Looking for input on towing a aluminum boat with trailor with 20hp with a gmc terrain 2.4 with front wheel drive. will I run into issues with a a front wheel drive?

**** NEW INFO **** BOAT /TRIAOR INFO SAYS 1400LBS WICH ID BE SURPRISED IF ITS THAT HEAVY, ITS A 16 FT ALUMICRAFT WITH A STEERING CONSOLE AND FRONT AND BACK DECK WITH A 20HP MERC....MY ETERRAIN SAYS 1500 TOW CAP.....RAMPS I GO ON ARE CONCRETE AND VERY FEW ARE GRAVEL ....


----------



## MrGiggles (Feb 27, 2019)

EMORY7568 said:


> Looking for input on towing a aluminum boat with trailor with 20hp with a gmc terrain 2.4 with front wheel drive. will I run into issues with a a front wheel drive?



Possibly on steep ramps, but a lot of people do it. Weight transfer is working against you with FWD. 
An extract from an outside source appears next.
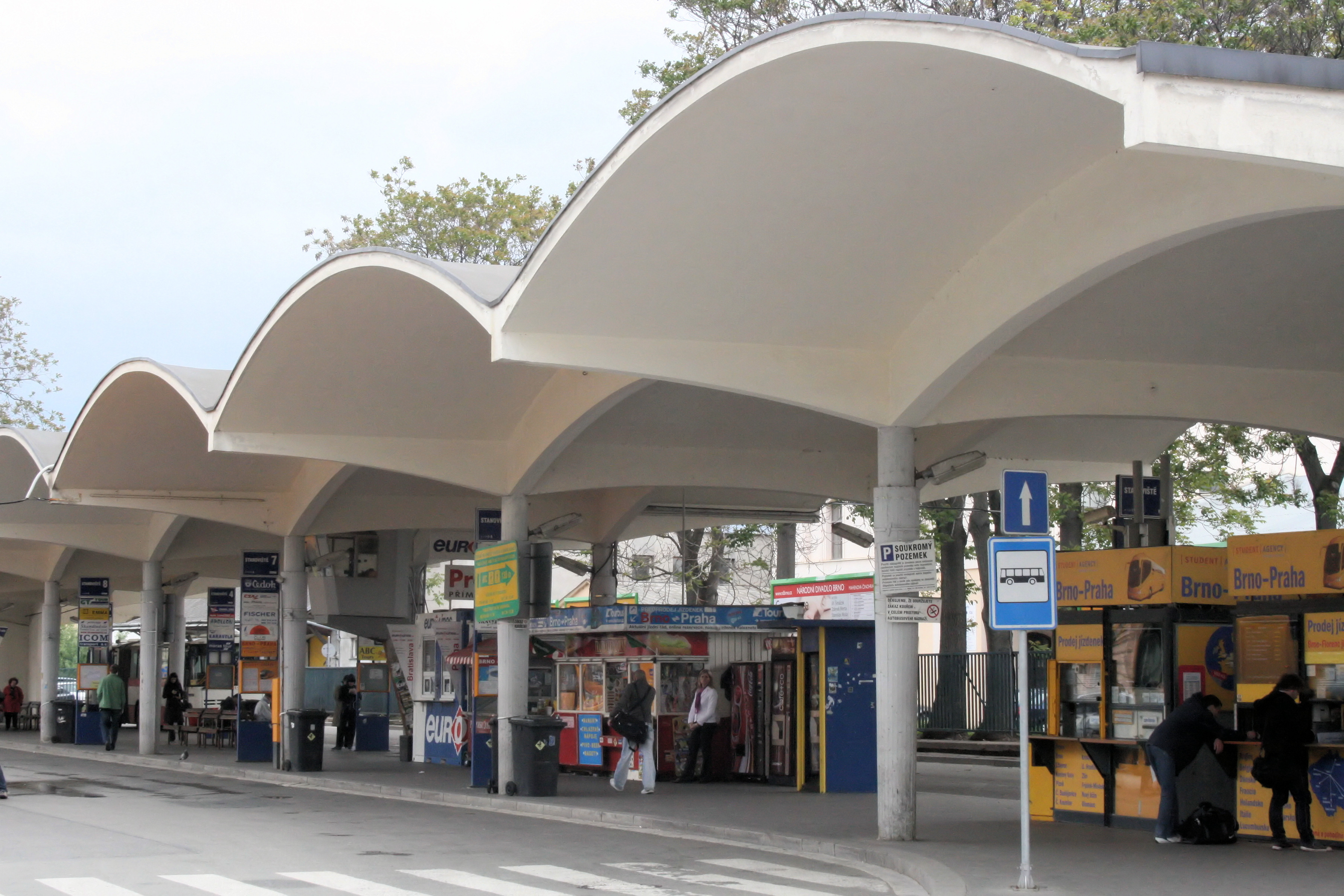 Bus station Grand in Brno, Czech Republic.

As long as you have access to decent paved ramps that aren't too steep, I think you'll be fine.


----------



## CedarRiverScooter (Feb 27, 2019)

Won't be a problem with a lightweight tin boat. 

If the boat/trailer weighed more than 3500# I would be concerned.

That said, I towed/launched/pulled out our 3500# Ski Nautique with FWD Ford Flex once (truck was in shop), steep ramp, no problems but I was nervous.


----------



## onthewater102 (Feb 27, 2019)

I use my 5spd Camry to pull my little 1436 around without any issues - though the launches I've used have all been well sloped and paved.


----------



## Crazyboat (Feb 28, 2019)

I'll add this, if you live in a hilly area you'll want some momentum going up a steep hill if it is raining out. 

I had a little Chevy Cavalier back in the 80's was towing a package that was under 1000 pounds, going up this hill I was fine until the road narrowed and the lady coming down the hill creped to a crawl and I had to come to a full stop behind her. I literally started sliding backwards on the hill when I took my foot off the brake.

Scary shit right there let me tell you, somehow I got traction and took a side street to the next hill and made the turn up with momentum again.


----------



## onthewater102 (Feb 28, 2019)

When I said I could tow it with my camry I meant that I could do it safely...on any roadway.


----------